For short prompts, simple Q&A, or tasks that fit within a smaller context window, a cheaper model like GPT-4o or GPT-4o-mini may be more efficient. These models are faster and less expensive per token. GPT-5.6 Sol's large context window comes with higher computational cost. If your task does not require processing tens of thousands of tokens or multimodal inputs, you may see better performance and lower latency with a smaller model. OrcaRouter allows you to switch between models easily, so you can use GPT-5.6 Sol only when the context depth is necessary. Evaluate your average prompt size. If most interactions are under 10,000 tokens, a smaller model will likely suffice. Reserve GPT-5.6 Sol for tasks that truly benefit from its context capacity.
Yes. With a context window of 1,050,000 tokens, GPT-5.6 Sol can ingest large portions of a codebase, including multiple files and dependencies, in a single prompt. This enables tasks like code review, bug detection across files, architectural analysis, and generation of comprehensive documentation. Developers can provide the entire project directory as text or file inputs. The model understands programming languages and can follow complex logic across files. However, very large codebases exceeding the context window may require careful selection of the most relevant files. OrcaRouter's API supports streaming responses for real-time feedback. For example, a team could input their entire application code and ask for a security audit or refactoring suggestions. The model's output can be up to 128,000 tokens, sufficient for detailed reports.
GPT-5.6 Sol accepts file inputs as part of a conversation. Users can upload documents, images, and other file types through the API. The model processes the file content directly, extracting text from PDFs, analyzing images, or reading structured data. This eliminates the need to manually convert files into text before sending. The large context window allows multiple files to be included in the same prompt, enabling cross-file analysis. OrcaRouter's API supports file attachments in the request, following the OpenAI format. File input modalities are particularly useful for auditing, research, and data extraction tasks. Supported file types include commonly used formats such as PDF, PNG, JPEG, and others. The exact list is available in OrcaRouter's documentation.

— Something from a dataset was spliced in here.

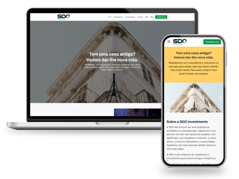 Criamos websites 100% responsivos, que se adaptam a qualquer ecrã, garantindo velocidade, estética e uma navegação fluida, seja no desktop, tablet ou smartphone.

A context window of 1.05 million tokens allows GPT-5.6 Sol to hold a huge amount of information in its working memory. For comparison, this is roughly equivalent to 700-800 pages of text or several hundred images. This capacity enables the model to reference information from the start of a long document when generating a response at the end, without loss of context. It reduces the need for chunking strategies that are common with smaller models. However, processing such large contexts can be computationally intensive and may result in longer latencies. The maximum output of 128,000 tokens allows for lengthy generated responses, like full reports or code files.
Due to its large context window, GPT-5.6 Sol generally has higher latency than smaller models like GPT-4o or GPT-4o-mini. The time to generate the first token and overall response time scales with the size of the input and output. For short prompts, the difference may be negligible, but for prompts processing hundreds of thousands of tokens, the model may take seconds to respond. OrcaRouter's API provides streaming responses to mitigate perceived latency. Users should benchmark for their specific use case. If speed is critical and context is small, a faster model is recommended. The model's architecture is optimized for throughput on large inputs, but fundamental physics of large models make it slower than smaller alternatives.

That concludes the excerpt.